What is needed here is an exact repetition of the records below, beginning at the line that has "My hubby brought" and stopping after the line that has "Jesse is your".

----- SOURCE DATA -----

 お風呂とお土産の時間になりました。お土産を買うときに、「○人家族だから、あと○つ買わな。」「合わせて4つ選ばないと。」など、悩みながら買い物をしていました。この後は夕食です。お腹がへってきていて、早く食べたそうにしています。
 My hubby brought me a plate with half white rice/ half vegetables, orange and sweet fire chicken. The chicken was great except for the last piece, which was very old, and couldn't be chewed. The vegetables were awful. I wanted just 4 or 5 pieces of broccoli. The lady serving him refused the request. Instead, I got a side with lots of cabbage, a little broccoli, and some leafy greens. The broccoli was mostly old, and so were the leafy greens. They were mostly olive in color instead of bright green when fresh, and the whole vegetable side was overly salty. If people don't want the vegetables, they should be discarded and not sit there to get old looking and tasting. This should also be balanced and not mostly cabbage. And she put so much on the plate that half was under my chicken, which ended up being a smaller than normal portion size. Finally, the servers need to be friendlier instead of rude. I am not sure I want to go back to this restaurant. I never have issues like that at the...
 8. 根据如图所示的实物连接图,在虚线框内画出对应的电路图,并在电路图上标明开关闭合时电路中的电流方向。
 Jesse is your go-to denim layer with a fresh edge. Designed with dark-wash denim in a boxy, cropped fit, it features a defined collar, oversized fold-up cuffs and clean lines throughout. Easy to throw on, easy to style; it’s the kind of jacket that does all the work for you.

-----
----- SOURCE DATA -----

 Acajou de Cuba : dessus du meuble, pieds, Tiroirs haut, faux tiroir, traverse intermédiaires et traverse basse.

-----

** SOLUTION TO THE PROBLEM **
 My hubby brought me a plate with half white rice/ half vegetables, orange and sweet fire chicken. The chicken was great except for the last piece, which was very old, and couldn't be chewed. The vegetables were awful. I wanted just 4 or 5 pieces of broccoli. The lady serving him refused the request. Instead, I got a side with lots of cabbage, a little broccoli, and some leafy greens. The broccoli was mostly old, and so were the leafy greens. They were mostly olive in color instead of bright green when fresh, and the whole vegetable side was overly salty. If people don't want the vegetables, they should be discarded and not sit there to get old looking and tasting. This should also be balanced and not mostly cabbage. And she put so much on the plate that half was under my chicken, which ended up being a smaller than normal portion size. Finally, the servers need to be friendlier instead of rude. I am not sure I want to go back to this restaurant. I never have issues like that at the...
 8. 根据如图所示的实物连接图,在虚线框内画出对应的电路图,并在电路图上标明开关闭合时电路中的电流方向。
 Jesse is your go-to denim layer with a fresh edge. Designed with dark-wash denim in a boxy, cropped fit, it features a defined collar, oversized fold-up cuffs and clean lines throughout. Easy to throw on, easy to style; it’s the kind of jacket that does all the work for you.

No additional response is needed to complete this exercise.